What Time Is It By the Sun?

Scripture: Joshua 10-11, 18

Learning Objectives:

  • Students will learn God always keeps his promises.
  • Students will learn partial obedience to God is not obedience and can bring consequences.
  • Students will learn the choices people make can affect future generations.
  • Students will learn God created the sun and can control it and anything else he wants to control.
  • Students will participate in an activity to better understand how the sun and time normally work in order to understand the miracle in the story better.  

Guiding Question:How does the sun normally work in relation to time and why does that mean this lesson was a story of a miracle of God?

Materials:Large paper or plastic plate, markers, sticks, optional masking or colored tapes

Procedure: Review the story of Joshua and the day the sun stood still with students. Talk about the miracle involved. Explain that God uses miracles to remind people He is God and can control anything – including the sun.

Help students understand the basics of how the sun normally moves during the day, creating a marker for time. By causing the sun to stand still, God was in effect making time stand still as well. (Since this is a difficult concept for children to understand, you may want to do the craft before telling the story. Take the finished sundials outside and have students note where the shadow is at that time. After telling the story and discussing it with students, note where the shadow is at this point. It won’t move much in those fifteen minutes, but if you have marked where it was, a slight difference should be visible.)

Give students paper plates. Have them decorate the center with something that helps them remember God as the Creator can change any “rules” of nature with miracles any time He wants. Have students mark the rim of the plate with numbers like a clock. (Plates are pre-marked with tape at the 12, 3,6 and 9 positions.) Students should insert the stick in the middle of the plate through the hole made there. Have them put a bit of play dough on the reverse side of the sundial around the stick. (This will keep the stick stable and more accurate.)
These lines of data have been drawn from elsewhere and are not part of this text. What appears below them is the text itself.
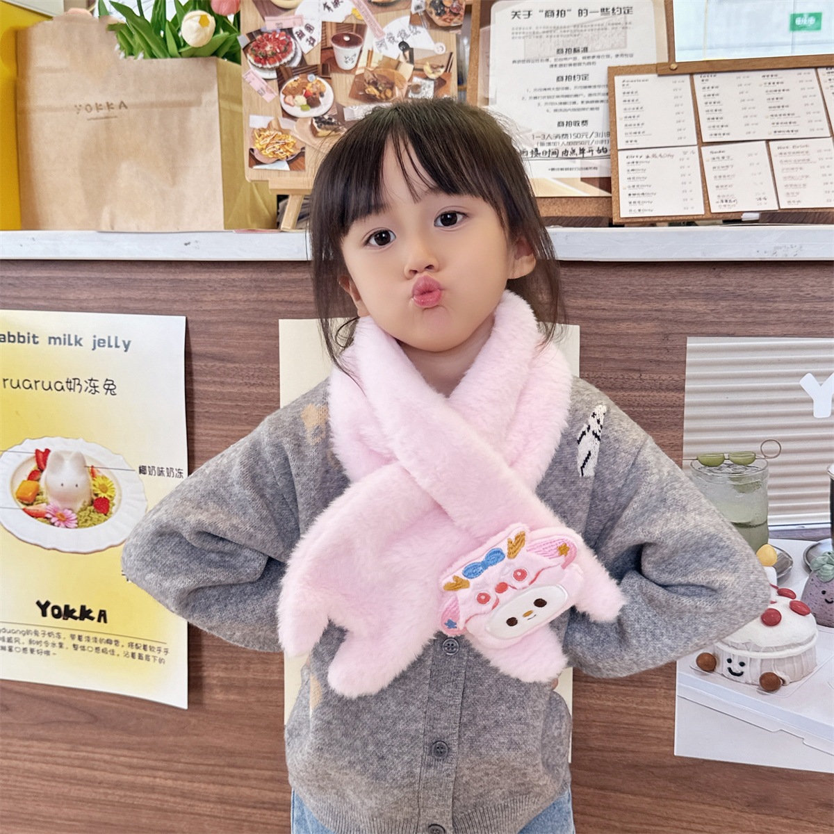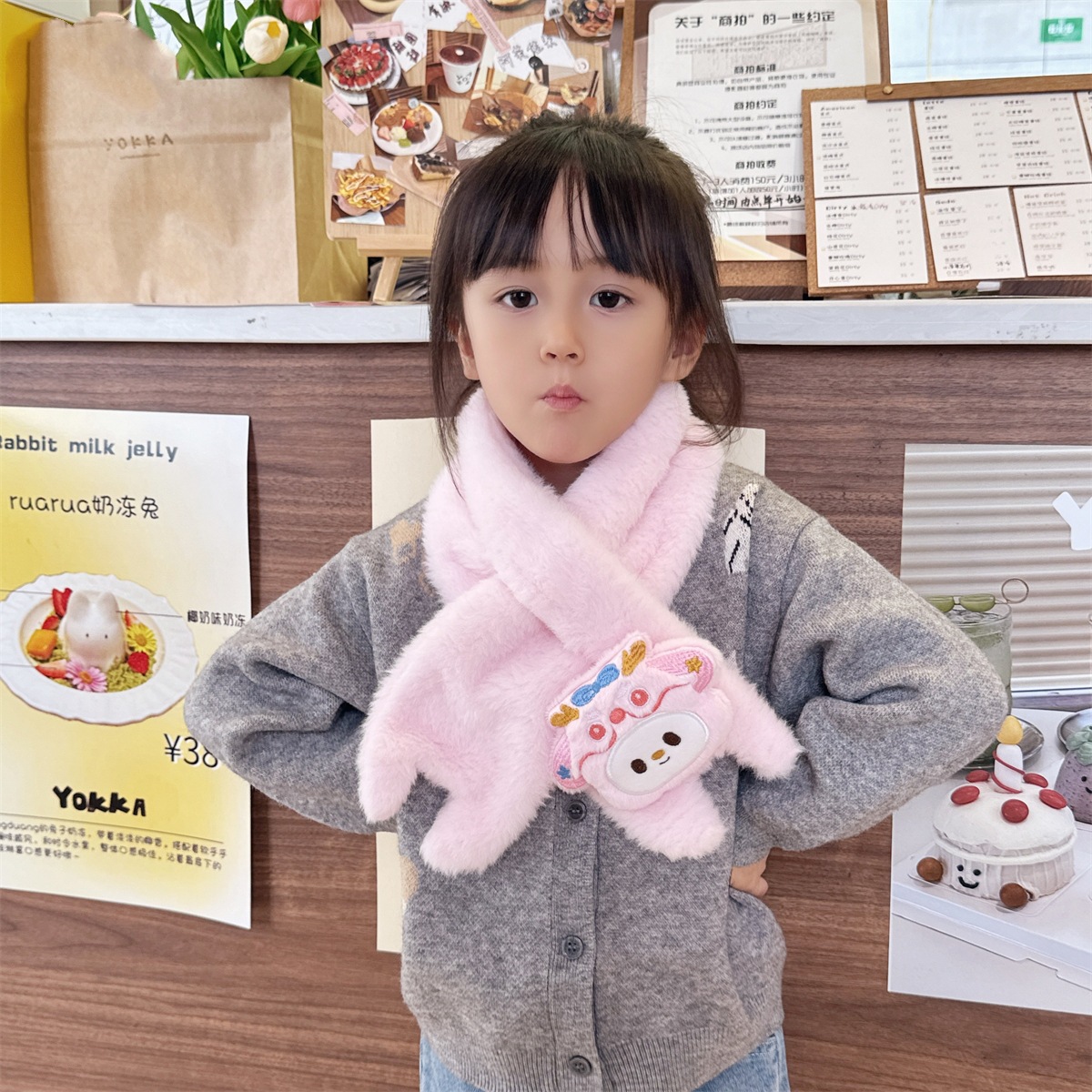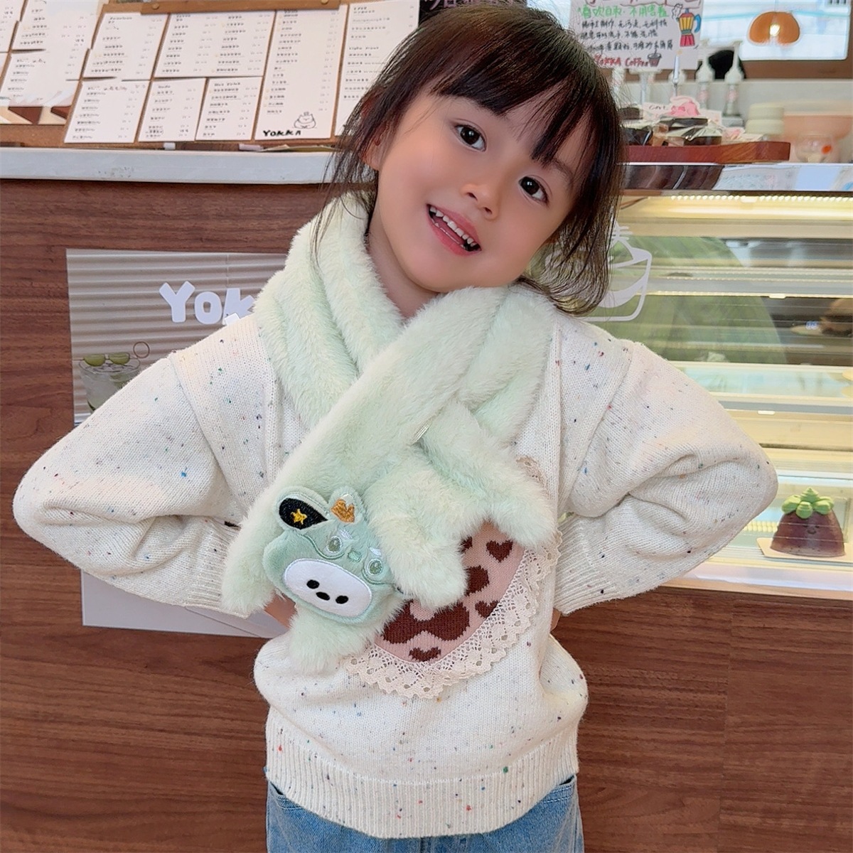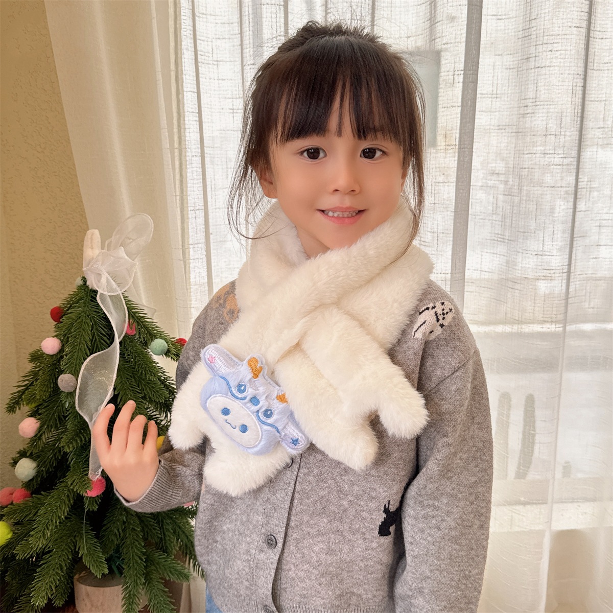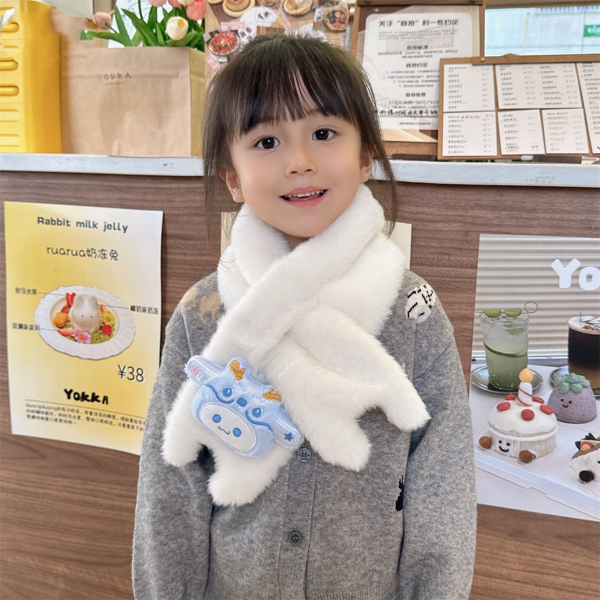2024 새로운 겨울 어린이 스카프 여성의 하이 엔드 감각 플러시 화이트 귀여운 패션 따뜻한 부모-자식 스카프 올 매치스토어 가기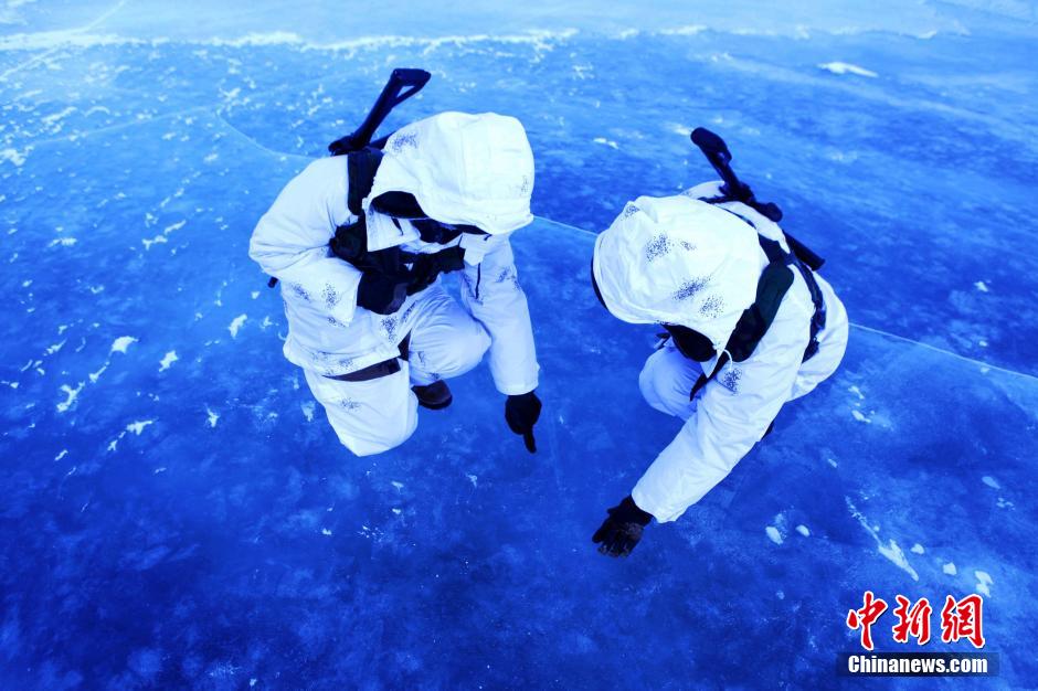 Xin Guoqiang and Zhang Bo, two sentries of the “Good Eighth Company in Heihe”, patrol at the China-Russia boundary river in severe cold of minus 32 degrees Celsius on Dec. 10, 2014. (Chinanews/Wei Jianshun)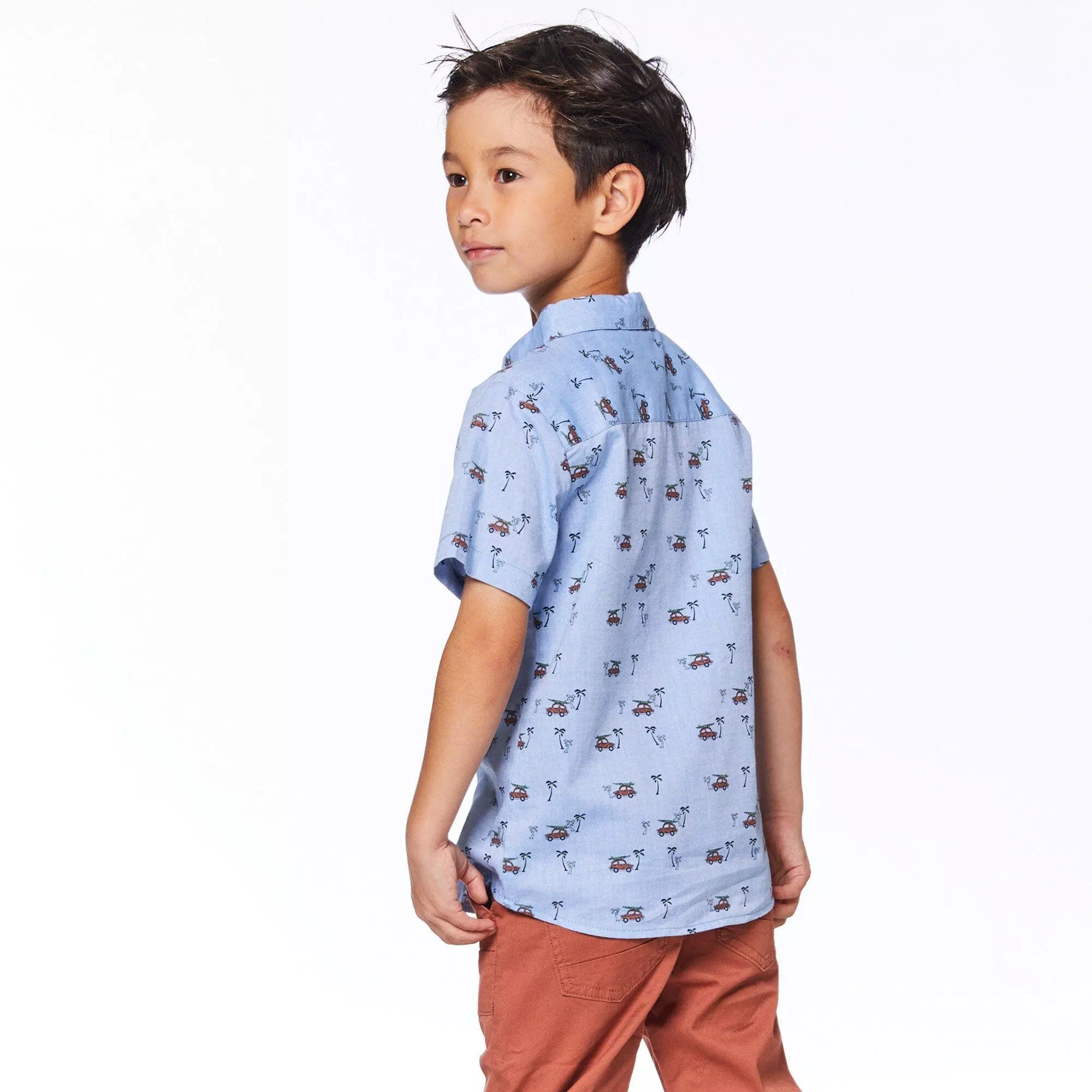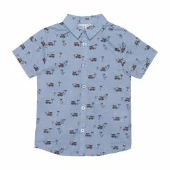 Cars, surfboards, and palm trees add beachy style to this Printed Cotton Shirt Blue Trucks. This shirt is made from 100% cotton and features a classic button front silhouette with a collar and short sleeves. Pair with solid twill shorts or joggers for the perfect head to toe look.

Take the sundials outdoors and line them up so the shadow reflects the current time. Encourage students to take home their sundials and use them this week to tell time. Remind them every time they see their sundial, they should remember God can do anything!

Additional Questions:

  • Why does the sun move across the sky? Does the sun or earth actually move?
  • Now that you know God’s power of science, how does that effect your relationship with him? How can you trust him more?

Supplemental Activity: Based on what they learned about the sun dial, have students make their own human sun dial by allowing a person to be the center (gnomon) that casts the shadow. Use chalk and a paved or concrete surface.